Review Article

From Local Adaptation to Speciation: Specialization and Reinforcement

Figure 1

Indirect selection on a selfing/assortative mating modifier with local adaptation [53]. Sketches how a selfing or assortative mating modifier evolves in presence of local adaptation (for the sake of illustration, the S allele causes maximal assortment and s specifies random mating). Here assortment can be produced by selfing or assortative mating based on the genotype at the local adaptation locus (A mates with A and a with a). Before migration (step 1), consider two habitats with haploid individuals. On the left A allele is favored at a local adaptation locus, whereas a is favored on the right. To make things simple, we consider these alleles to be fixed where they are beneficial. At step 2, migration occurs between habitats (with m = 1/2, migrants in red). Then syngamy occurs in each habitat.
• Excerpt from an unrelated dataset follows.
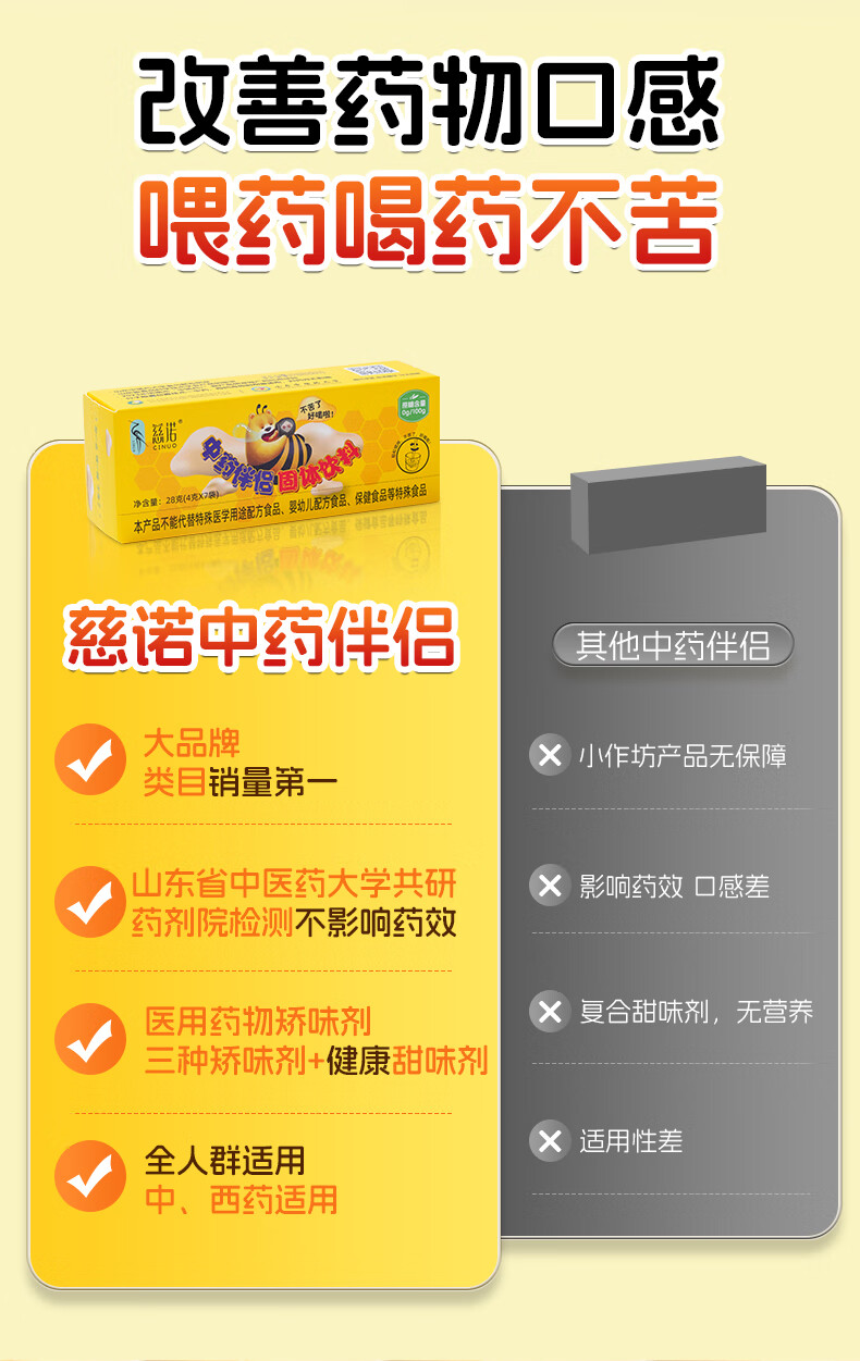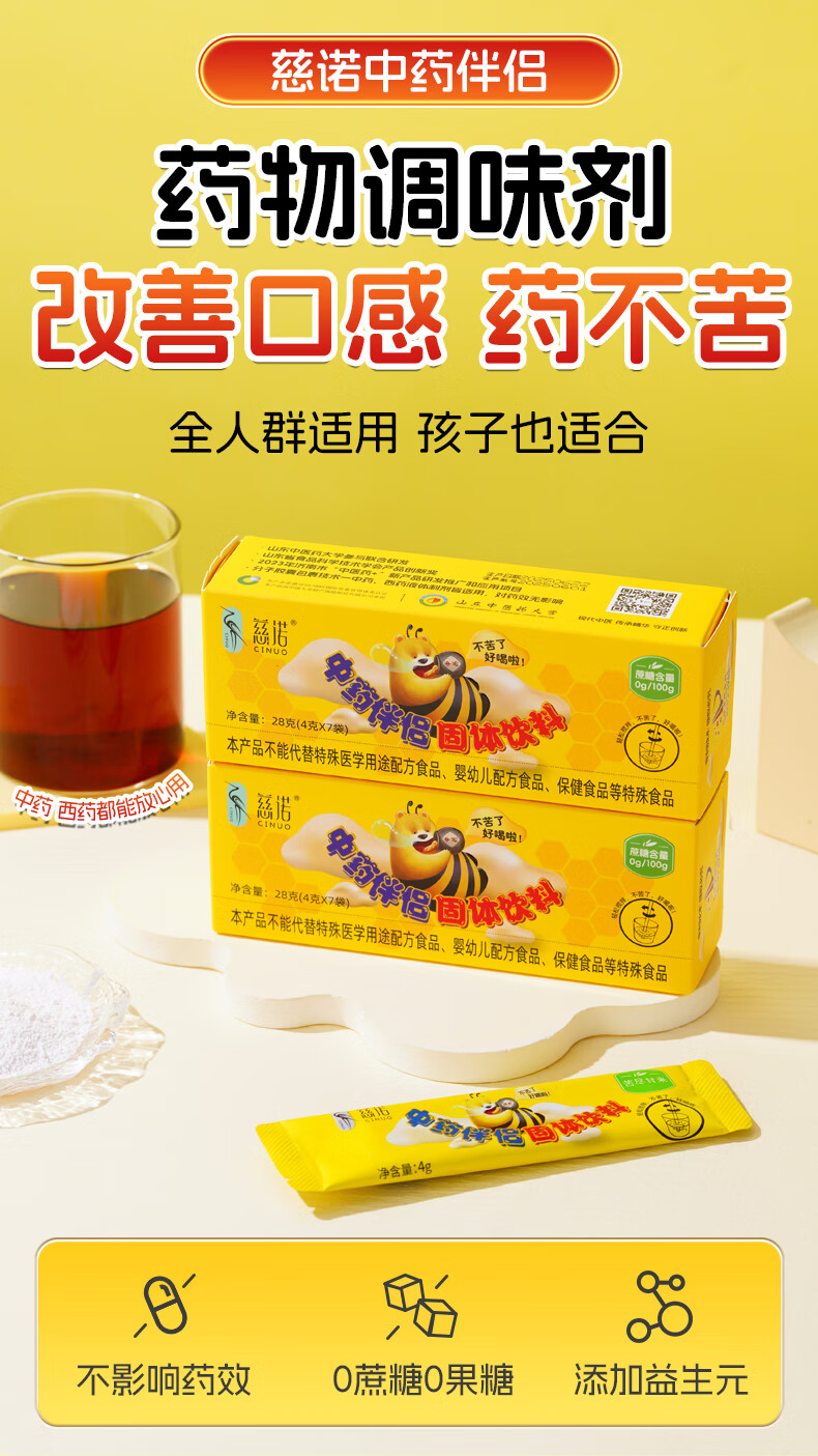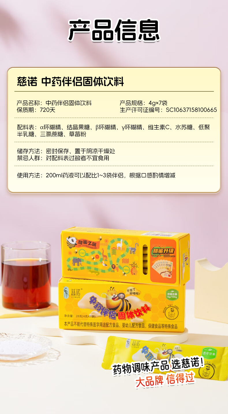 慈诺中药伴侣顺丰空运包邮宝宝儿童喝药神器不影响药效中西药适用 1盒 4g*7袋 +1袋试用装

The small circles represent diploid individuals. In each habitat, one can distinguish the subpopulation with full S-assortment allele (4 individuals on the left) and random mating s allele (4 individuals on the right). Importantly, at this step the S allele becomes positively associated to extreme aa and AA homozygotes (thus, variance in fitness is greater in the subpopulation with the S allele). Finally, selection occurs (favoring A on the left and a on the right, very strongly but in a codominant way in the illustration). At the end of this generation, the modifier has not changed in frequency (it is still 1/2). Yet, selection has generated LD between the random mating s allele and the locally inferior allele locally (the inferior allele is only found on the same chromosome as s in each habitat, orange dot). At the next generation, this LD will persist (it is decreased at most by one half by a round of free recombination) and cause indirect selection in favor of S. Note that if the locally beneficial allele is recessive (all heterozygotes eliminated on the right and the left), we see that direct selection occurs favoring S (its frequency rises to 2/3 on the sketch), but that less LD is generated. Exactly the opposite occurs if the local beneficial allele is dominant.